Yes, my own inclination is also based on the culture I am dealing with. This particular class is in Santa Fe, and that kind of eastern directness is a foreign language to many people in the area.
Nevertheless, there are good reasons for using very little qualifiers in language and more direct commands. The classes are large and we only have five weeks with the kids. Essentially, we are teaching skills rather than content--although some content is included.
However, you are right on several counts. It is very difficult for me as a homeschool mom and as an analytical-type person to cut out the details. And when I taught gifted kids I used direct commands sparingly as well; they tend to respond well to more polite and qualified language. And since I taught science, direct instruction meant supplying the steps that develop an idea or using Taba lesson plans for concept development.
But IRD is direct instruction that has been pared down to the basics needed in order to get kids reading at their particular level ASAP. For me, the fun part is the book discussion, and there I can be more truly the gentle teacher that I have always been.

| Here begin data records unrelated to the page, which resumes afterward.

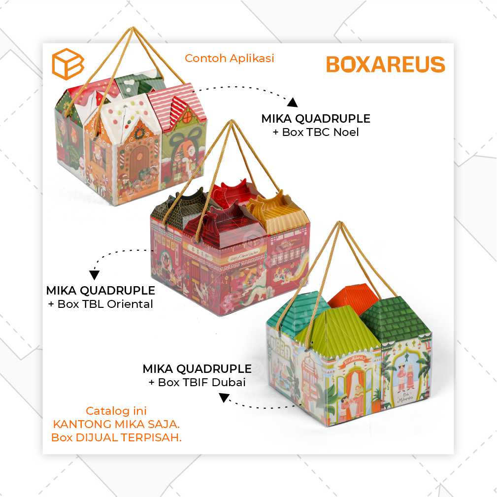 Mika Quadruple: 19.2 x 19.2 x 11cm (muat 4 pcs box TBC Noel/ TBL Oriental/TBIF Dubai)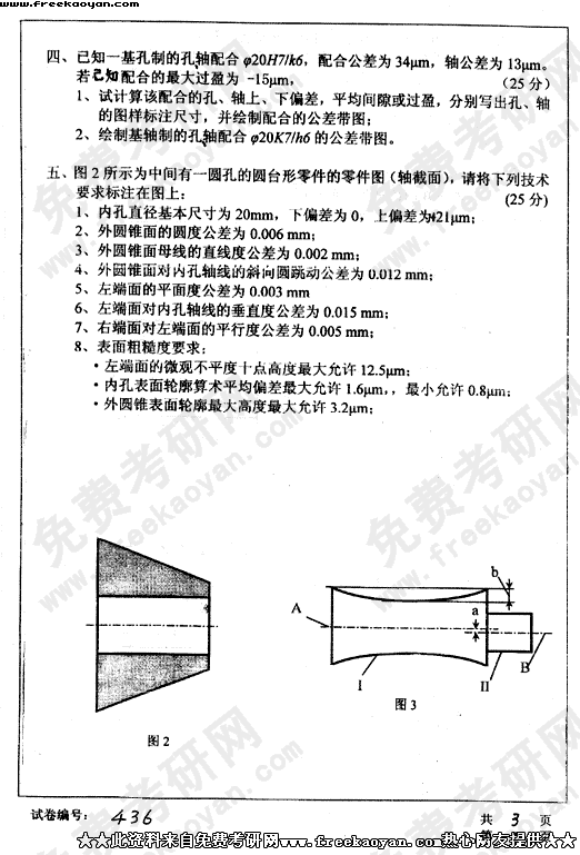 华中科技大学2003年半岛在线注册真题-互换性与技术测量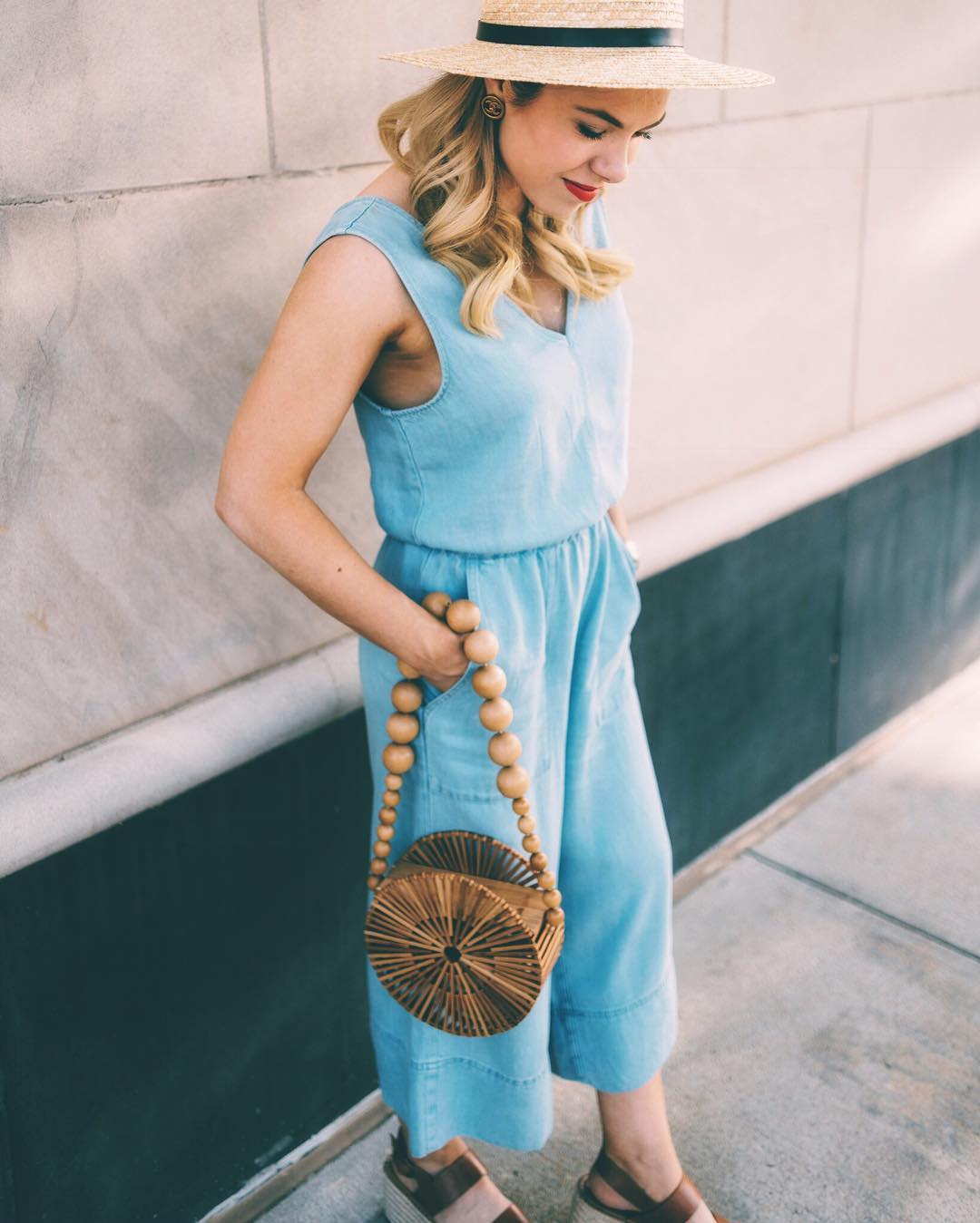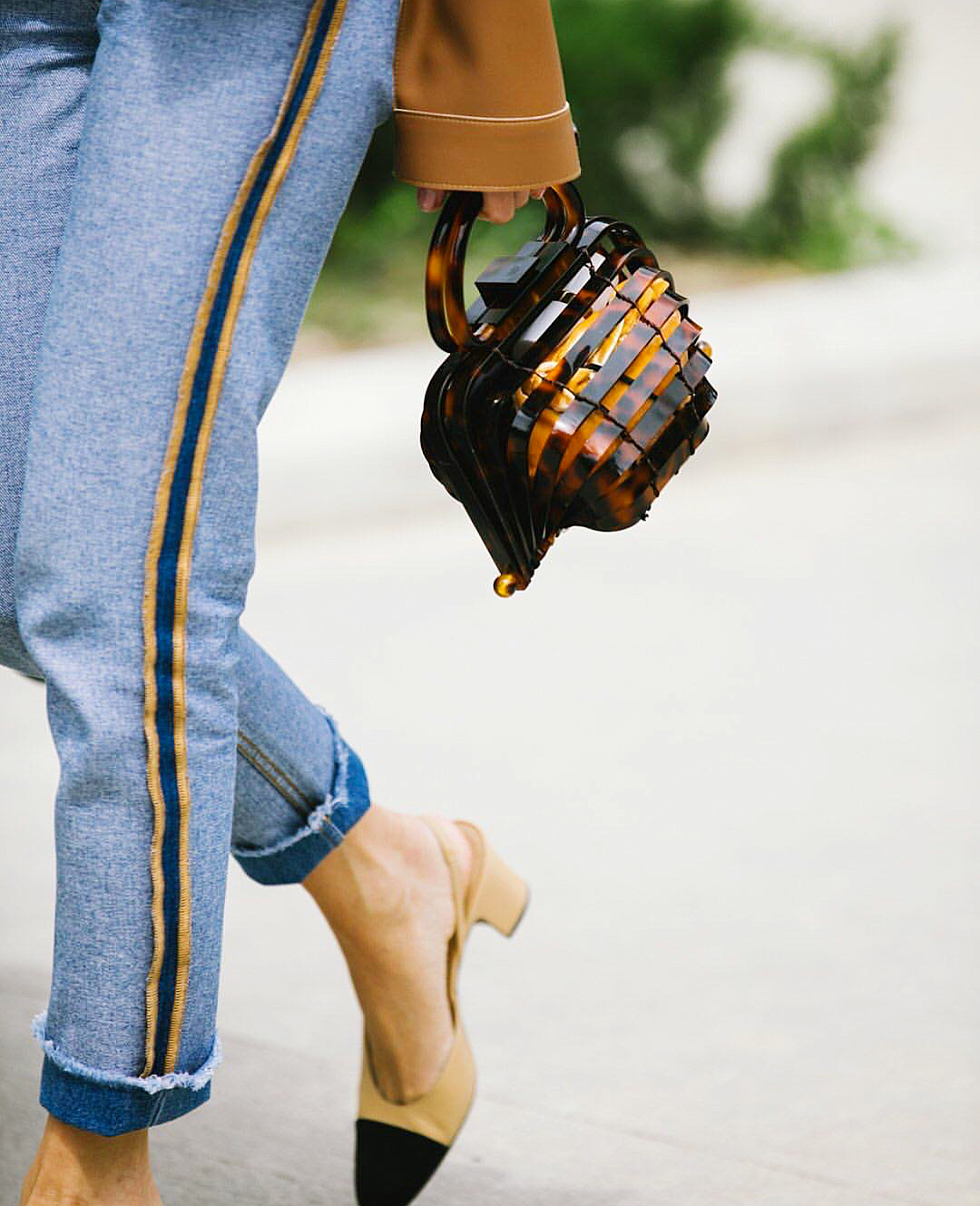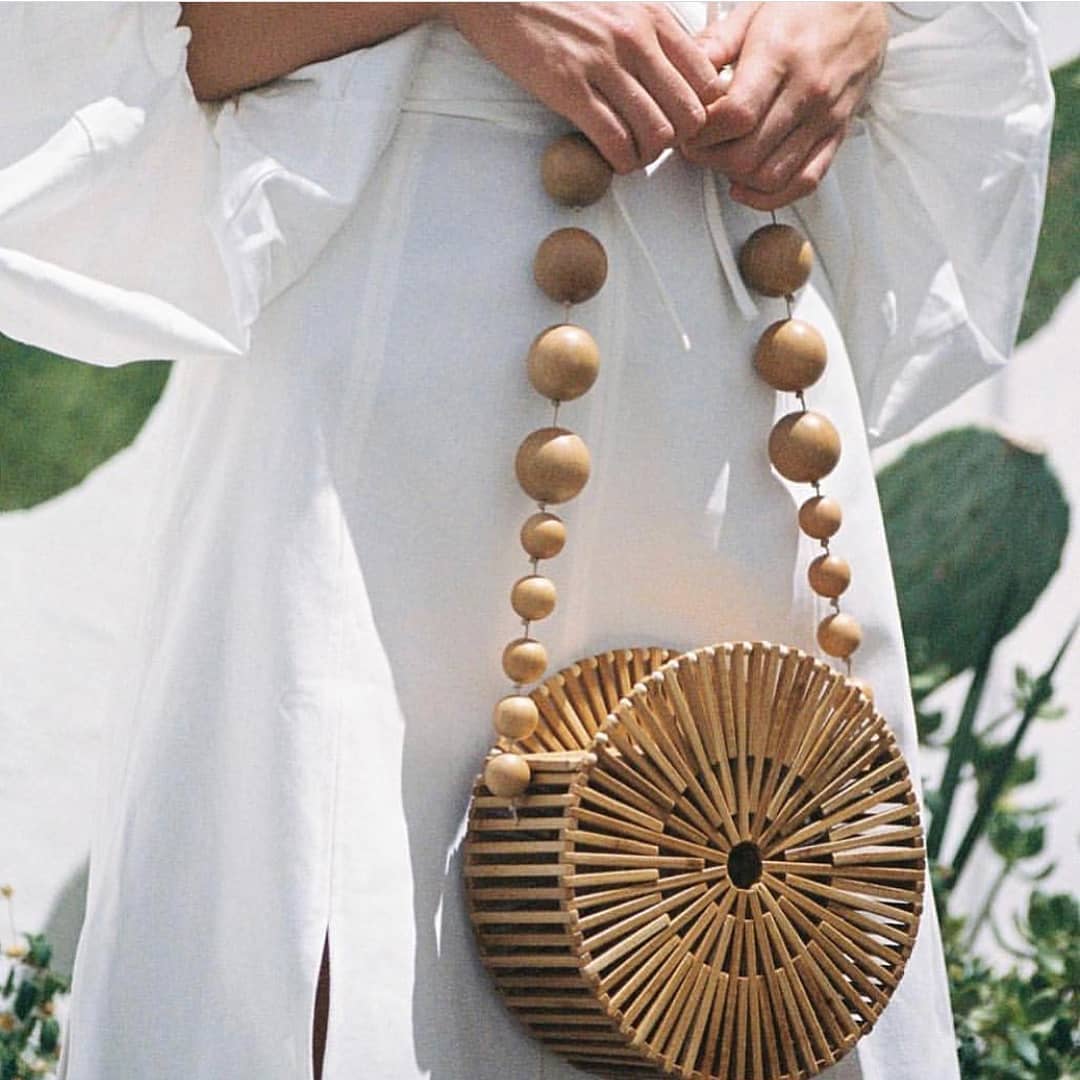 Dù không hot bằng dáng túi bán nguyệt, nhưng túi nan tre hình tròn cũng là một lựa chọn được nhiều quý cô ưu ái. Đây là một đối thủ đáng gờm với chiếc túi cói dạng hộp tròn đang làm mưa làm gió trong mùa hè năm nay.

I do think that kids with certain learning needs would not do well with IRD. But the program does help a goodly number of people attain the status of being a reader in a remarkably short amount of time.

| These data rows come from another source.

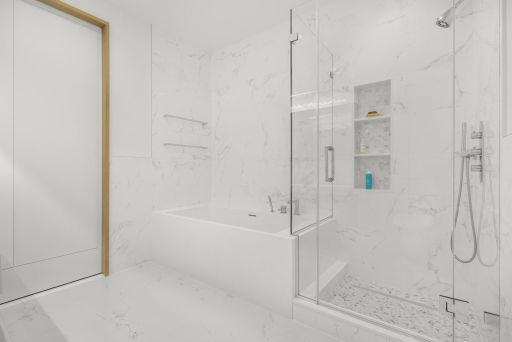 We removed all the water-damaged materials and rebuilt the space from the ground up—new plumbing, waterproofing, and high-end finishes throughout. The transformation includes a sleek floating double vanity, large marble-look porcelain tiles, a custom glass-enclosed shower, and a modern soaking tub.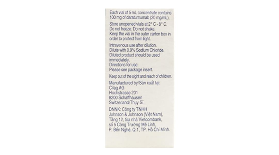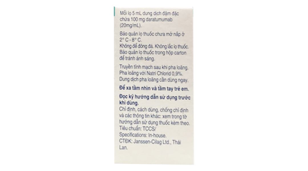 Hộp 1 lọ 5 mL chứa 100 mg daratumumab.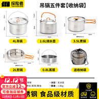 探险者户外锅具套装烧水壶野营炊具露营装备全套锅具304不锈钢 5-7人水壶+吊锅+煮锅+煎盘+蒸屉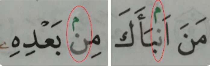 - مِن بَعْدِ (Min Ba’di) – Pronounced as Mim Ba’di, where the Noon Sakinah changes into a Meem.
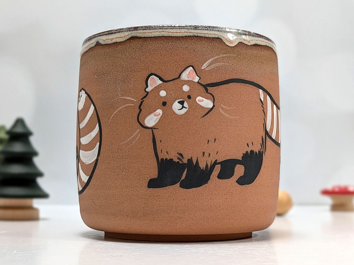 A red stoneware medium pot, illustrated with several red pandas. It measures approximately 10.5cm in diameter and height. It can be used as a holder for pencils, utensils or any other small thing.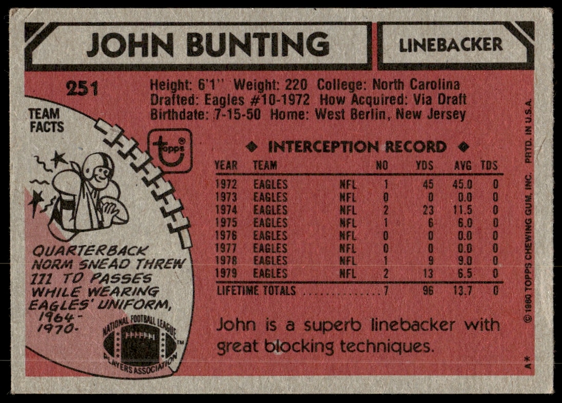 This Football card, from 1980 is part of the Topps card set. John Bunting is featured and has a card number of 251.

As far as praise is concerned, it must be aimed at specific accomplishments and results. Most of the time, I am praising the efforts that students put into the work and not a particular product. That is because in reading the "product" is not tangible.
In discussions, I'm more likely to say "that's an interesting idea" rather than "good answer." Praise, properly given is a good thing. Praise given to the person rather than the effort put in doesn't always work.
At any rate, in this case, the child's assessment of the situation did not match the parent's idea of it. The parent had seen one or two exchanges that I had with others, not the sustained interactions that occur over the entire two hours. Nevertheless, my over-correction was obvious even to me, because it was so unbalanced and not me.